Ooh, some very interesting developments there.

Translation- particularly of idioms- is something I find quite fascinating. Not least because it can be so malleable across both time and distance.

Like if you take the opening to The Destruction of Sennacherib from Byron:

The Assyrian came down like the wolf on the fold,
And his cohorts were gleaming in purple and gold;
And the sheen of their spears was like stars on the sea,
When the blue wave rolls nightly on deep Galilee.


That whole concept of 'the wolf on the fold' - I'm aware that 'fold' here is referring to a sheepfold, but we're probably getting to the point where most people in Britain today would need an annotation there to explain it's about wolves attacking sheep (and thereby an analogy to Christian iconography), let alone any foreign culture who might not have a word for 'sheepfold' or even the concept of 'a permanent enclosure for domesticated animals.'
 
Ooh, some very interesting developments there.
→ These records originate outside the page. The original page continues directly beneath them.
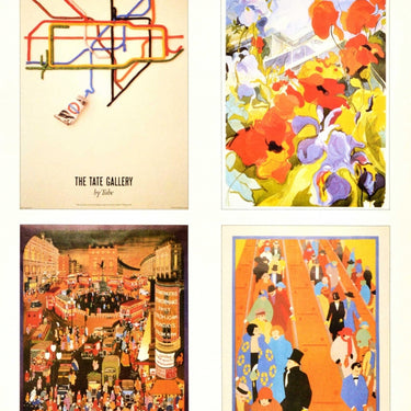 Original vintage London Underground poster - The Tube Gallery Many posters available at the London Transport Museum Covent Garden Nearest stations: Covent Garden and Leicester Square - featuring four posters for the Underground: The Tate Gallery by Tube depicting the colourful tube map lines as paint from a tube marked with the London Underground logo; The New Kew by Tube with floral artwork; a busy street scene at night with people, buses and classic cars at Piccadilly Circus with a theatre sign in the foreground; and the iconic Brightest London is best reached by London Underground poster design (issued in 1924) depicting smartly dressed people in fashionable clothing and top hats travelling on an escalator. Good condition, minor creasing, staining.
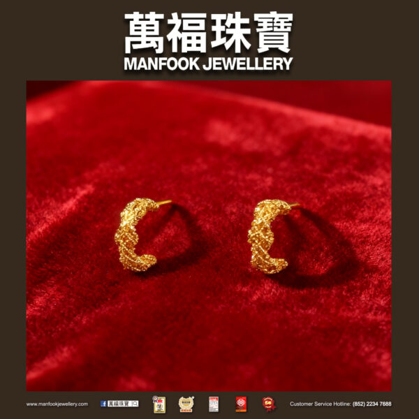 扭絞金紋勾勒C型半環輪廓,凹凸紋路凝住暖潤金芒,小巧半圈自帶復古格調,輕戴耳畔便襯出不費力的高級韻味。
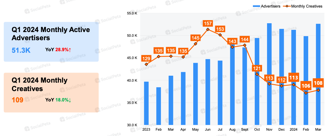 The number of advertisers in Q1’24 increased by 28.9% YoY to 51.3k.
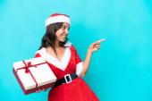 Młoda Latynoska kobieta ubrana jak mama Noel trzyma prezent odizolowany na niebieskim tle śmiejąc się w pozycji bocznej
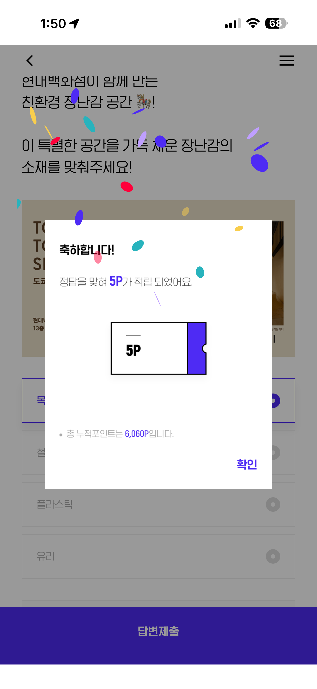 도쿄장난감미술관 서울을 현대백화점 천호점 13층 문화홀에서 만나보세요! 9월 26일 금요일 OPEN 일본 전역 14개의 미술관을 운영중인 도쿄 장난감 미술관과 현대백화점이 함께 만든 친환경 장난감 공간! 이 특별한 공간을 가득 채운 장난감의 소재를 맞춰주세요! 보기는 1. 목재 2. 철재 3. 플라스틱 4. 유리 입니다
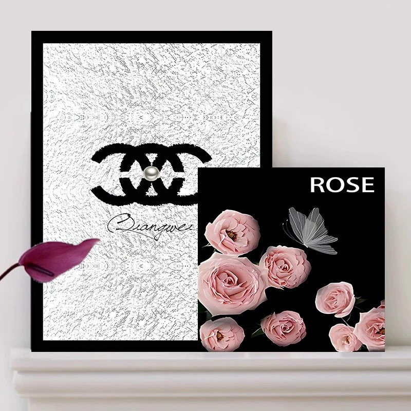 📚 轻奢高级感浪漫玫瑰花斗柜客厅沙发背景叠放电视柜鞋柜摆画装饰画
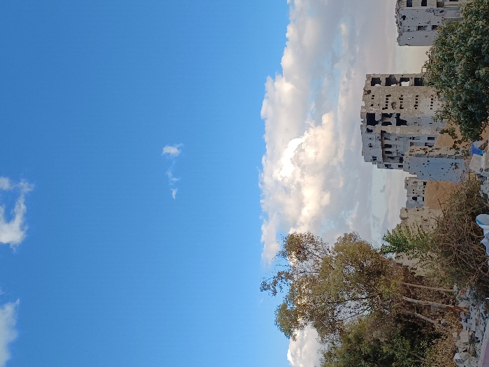The image depicts a panoramic view of a war-damaged urban environment in Zamalka, Syria, under a partly cloudy sky. The upper two-thirds of the frame are dominated by a clear blue sky with scattered white cumulus clouds, more concentrated towards the horizon. The foreground, positioned in the lower left, shows a pile of construction debris or rubble, including fragments of concrete and some lighter-colored refuse. Directly behind this, a cluster of trees and dense, dry scrub vegetation with light green to brown foliage occupies the mid-ground. To the right of the vegetation, in the mid-to-background, stand several severely damaged multi-story concrete buildings. The most prominent structure, centrally located, is a skeletal concrete building exhibiting extensive destruction, with numerous large holes and pockmarks consistent with shelling or explosions, exposing internal structural elements. Similar, though less distinct, damaged buildings are visible further in the background, extending across the right side of the frame. The ground between the vegetation and the buildings appears to be barren, light-colored earth or sand. No individuals or discernible actions are present in the scene.
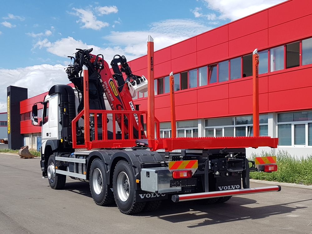 Kamionska nadogradnja za proizvođača drvenih stupova, tvrtku Proizvodnja Drvenih Stupova iz Karlovca. Na Volvo FMX montirana je Palfinger Epsilon dizalica M10Z91 dohvata 9,1m s Epsilon grabilicom FG53. Na kamion je montirana šumarska platforma bez poda s dva para čeličnih greda s čeličnim ExTe šticama 144.
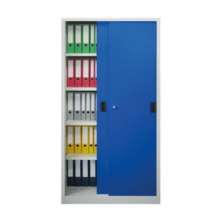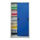 Schiebetürenschrank, Vollblechtüren, 4 verzinkte Böden, ohne Trennwand, BxTxH 1000x500x1950 mm, Korp us RAL 7035/Front RAL 5010 enzianblau
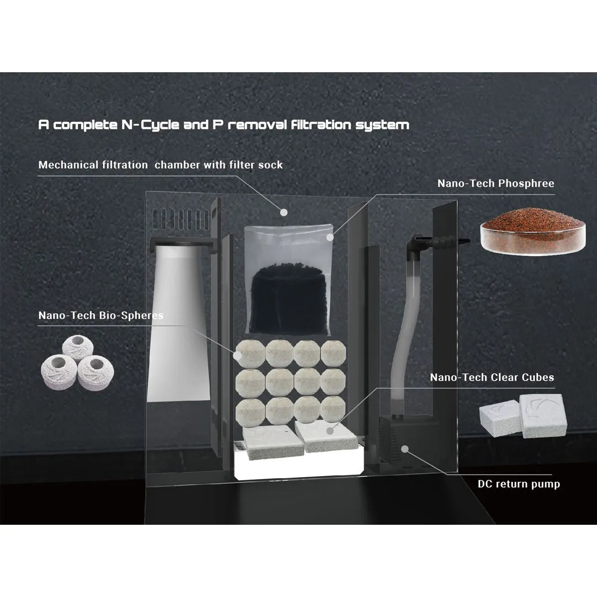 Included with the Dice Cube AIO is a starter supply of mechanical, biological, and chemical filtration media. The Nano-Tech PhosPhree is a phosphate absorbing resin that reduces PO4 slowly, preventing sudden drops which can shock your system. The Nano-Tech Clear Cubes are a unique ionic media based from the cystalline mineral tourmaline, which helps to clarify aquarium water and combat algae growth by breaking down dissolved organic matter. Also included are 12 pieces of Nano-Tech Biosphere balls for fostering beneficial bacteria growth and one nylon filter sock for capturing and filtering organic solids.

Translation- particularly of idioms- is something I find quite fascinating. Not least because it can be so malleable across both time and distance.

Like if you take the opening to The Destruction of Sennacherib from Byron:

The Assyrian came down like the wolf on the fold,
And his cohorts were gleaming in purple and gold;
And the sheen of their spears was like stars on the sea,
When the blue wave rolls nightly on deep Galilee.


That whole concept of 'the wolf on the fold' - I'm aware that 'fold' here is referring to a sheepfold, but we're probably getting to the point where most people in Britain today would need an annotation there to explain it's about wolves attacking sheep (and thereby an analogy to Christian iconography), let alone any foreign culture who might not have a word for 'sheepfold' or even the concept of 'a permanent enclosure for domesticated animals.'
Although the Assyrians were fond of shepherding metaphors themselves, so you could argue that it's in the spirit of that as well - though Byron might not have known that given the state of archaeology at the time.

As you say, probably the bigger concern now is townie culture nowadays not getting agricultural metaphors full stop, which is as true to a greater or lesser extent everywhere in a bit of an ironic universal.